働きたいママにスポットライトを。「潜在的労働力」を発掘せよ むくぎ太一(椋木太一)

 こんにちは、広島市議会選挙に安佐南区から立候補予定のむくぎ太一(椋木太一)です。

 近年、人手不足が叫ばれています。特に、東京を中心とした都市圏では深刻な問題とされています。私が2000年3月に大学を卒業した当時、新卒者の就職内定率や有効求人倍率は悲惨なものでした。「超就職氷河期」と言われた時代です。ロストジェネレーションです。金融機関がバタバタと倒れ、採用の大幅縮小・中止の企業も多く、会社説明会に参加申し込みする時点で「ふるい落とし」があったほどでした。当時を思い起こすと、現在の人手不足は隔日の感があります。

 昔話はさておき、人手不足だと言われる一方、労働意欲がありながら就労機会に恵まれない「潜在的労働力(潜在的人材)」が数多くいます。

 そもそも、「潜在的労働力」とはなにか?国勢調査などでの「労働力人口」の数は統計上、15歳以上で就職・休業中であったり求職中(完全失業者)であったりする「労働力」とそれ以外の「非労働力」に大別されます。「非労働力」は主に、主婦・主夫ら家事に就いている人たちやアルバイトなどをしていない学生たちです。「潜在的労働力」は、このうち、「非労働力」における就労希望者になります。

 総務省などによると、潜在的労働力は2013年で428万人。うち、女性が315万人と約74%を占めます。就業できていない理由で一番多いのが「出産・育児のため」で105万人、次が「適当な仕事がありそうにない」で97万人、「健康上の理由」で38万人と続きます。つまり、子育てをしている母親(主婦)の多くが、働く意欲がありながら、「マッチした仕事がない」「経験を活かせる仕事がみつかりにくい」と理由から、働く機会を得られない、そもそも、労働市場に参加すらしなくなるという状況が浮き彫りになっているのです。

 どうしてここまで私、椋木太一が「潜在的労働力」の発掘について力説するかと言いますと、立候補を予定している地元の広島市安佐南区において、子育て世代の母親たちを中心に「働きたい」という声を聞いているからです。

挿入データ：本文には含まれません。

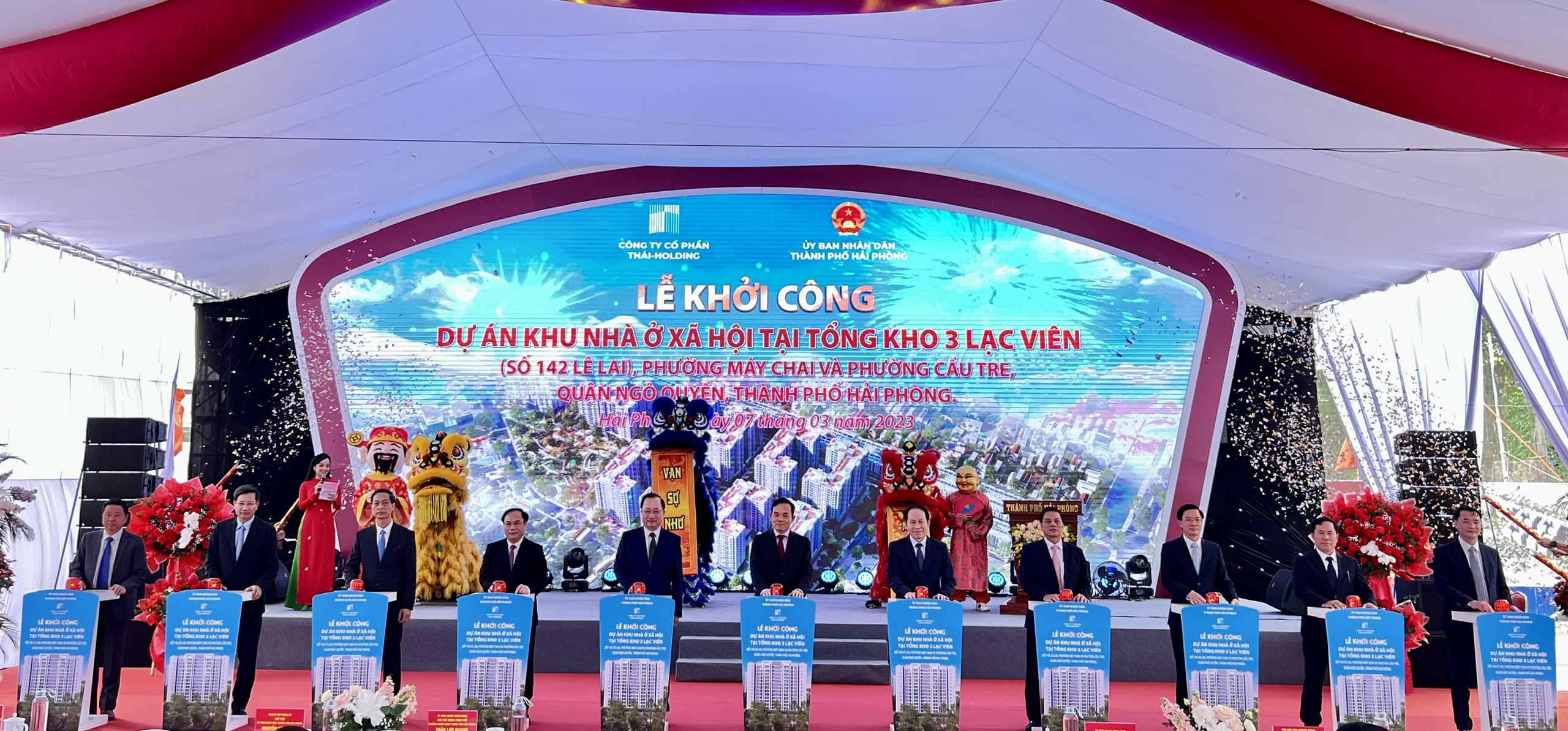 (PLVN) - Sáng nay - 7/3/2023, UBND TP Hải Phòng tổ chức Lễ khởi công Dự án Khu nhà ở xã hội (NƠXH) tại Tổng kho 3 Lạc Viên (số 142 Lê Lai, phường Máy Chai và phường Cầu Tre, quận Ngô Quyền). Các Ủy viên Trung ương Đảng: Trần Lưu Quang, Phó Thủ tướng Chính phủ, Trưởng đoàn Đoàn đại biểu Quốc hội TP Hải Phòng; Lê Tiến Châu, Bí thư Thành ủy Hải Phòng dự buổi Lễ.

哲学者・アリストテレスによると、「人間は社会的動物」です。社会は人を必要としますし、人も社会を必要とします。自己実現や承認欲求もあります。生活費を稼ぐという現実的な目的も大いにあるでしょうが、人が働きたいと思う気持ちはそうしたいわば、本能的な部分の表れでもあると思います。住民たちのそうした「意欲」が行き場を失っているということは、社会的に大きな損失といえます。皆様の声を政策に反映することこそ、政治家の役目だと思うからです。さらには、広島市安佐南区では特に若い世代が多く、小・中学校に入学して母親自身にある程度、自分の時間が持てるようになって「外に出て働きたい」と思う世代が多くいるからこそ、一層、力が入るのです。
 
 子育て真っ最中の方々が多い、30代後半から40代前半の世代は特に、前述の「就職氷河期」に直面した世代です。極端に新卒の採用者数が圧縮されており、企業の中核を担うはずの世代の人数が前後の世代に比べて少ないのが現状だと思います。この世代は20代と比べて比較的母数も多いのが特徴です。この世代を中心に潜在的労働力を掘り起こすことが、人手不足にはうってつけだと思いますし、将来的な国の社会保障設計上も有用だと思われます。

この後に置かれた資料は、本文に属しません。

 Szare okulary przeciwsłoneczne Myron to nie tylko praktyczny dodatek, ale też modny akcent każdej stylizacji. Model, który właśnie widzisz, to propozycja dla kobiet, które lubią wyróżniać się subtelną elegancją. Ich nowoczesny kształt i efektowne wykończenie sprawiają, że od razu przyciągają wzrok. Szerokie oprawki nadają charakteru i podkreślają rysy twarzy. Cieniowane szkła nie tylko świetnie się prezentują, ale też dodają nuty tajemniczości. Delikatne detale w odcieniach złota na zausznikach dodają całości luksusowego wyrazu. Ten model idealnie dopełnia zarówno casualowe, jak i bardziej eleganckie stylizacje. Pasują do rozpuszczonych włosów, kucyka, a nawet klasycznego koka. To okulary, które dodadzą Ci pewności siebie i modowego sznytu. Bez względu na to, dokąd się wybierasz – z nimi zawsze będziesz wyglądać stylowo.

 ところで、潜在的労働力の発掘に関して、おもしろい取り組みをされているNPO法人があります。私が読売新聞記者時代、子育て世代の母親を中心とした潜在的労働力と、そういった人材を求めている企業とをマッチングする試みなどをしているNPO法人「ママワーク研究所」(田中彩代表)を取材させていただきました。事務や秘書、営業など様々な職務経験を持ち、就業意欲がありながら、ブランクなどから一歩を踏み出せなかったり自分の経験を活かせる企業・職場を見つけられなかったりしている母親たちと、即戦力を求める企業が「出会う」機会を提供しています。「ママドラフト会議Ⓡ」と銘打ち、山口百恵や桜田淳子らがデビューするきっかけとなった、かつての人気テレビ番組、「スター誕生」(スタ誕)をほうふつさせる演出で、福岡を中心に行われています。実際、この取り組みが縁で再就職したというケースは多々ありました。

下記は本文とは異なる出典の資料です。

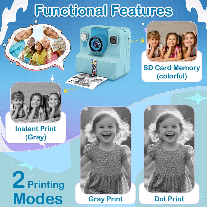 - Instant Print Camera: This instant camera in 3 color. Smooth, lightweight design is for little hands to hold. Kid camera with 3 rolls of printing paper, stores colorful memories and black-white photo printing. 16 language settings designed to grow alongside your child
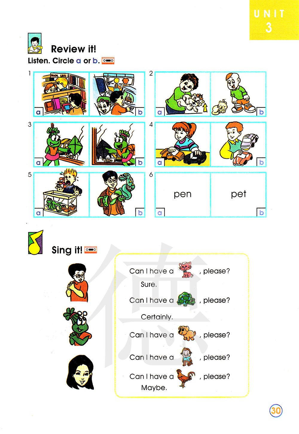听录音。圈出a或是b。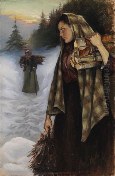 In Wood Gatherers (c. 1900), Finnish artist Helmi Biese masterfully captures a serene yet poignant moment of rural life. The painting, imbued with the soft luminosity of Nordic light, depicts peasant women gathering firewood in a tranquil, snow-dappled forest—a recurring theme in Biese’s oeuvre. Her delicate brushwork and muted palette, typical of the Romantic-nationalist tradition, evoke both the quiet dignity of labor and an intimate connection with nature. Trained under Albert Edelfelt, Biese infused her work with lyrical realism, bridging 19th-century academicism and early modernism. Though less renowned than her male contemporaries, her contributions to Finnish plein air painting and nuanced portrayals of women’s labor hold a distinctive place in Nordic art history. The painting’s atmospheric depth and emotional restraint resonate with the era’s growing appreciation for regional identity and everyday lyricism.

このような取り組みは、民間レベルでは各地で行われているかもしれません。とはいえ、こうした動きの趣旨は、潜在的労働力の発掘を啓もうすることにありますので、草の根活動で潜在的労働力を減少させていくことには人的にも資金的にも限りがあります。ですから、広島市を含め、全国的な取り組みとして潜在的労働力の発掘、活用に取り組んでいかなければならないのです。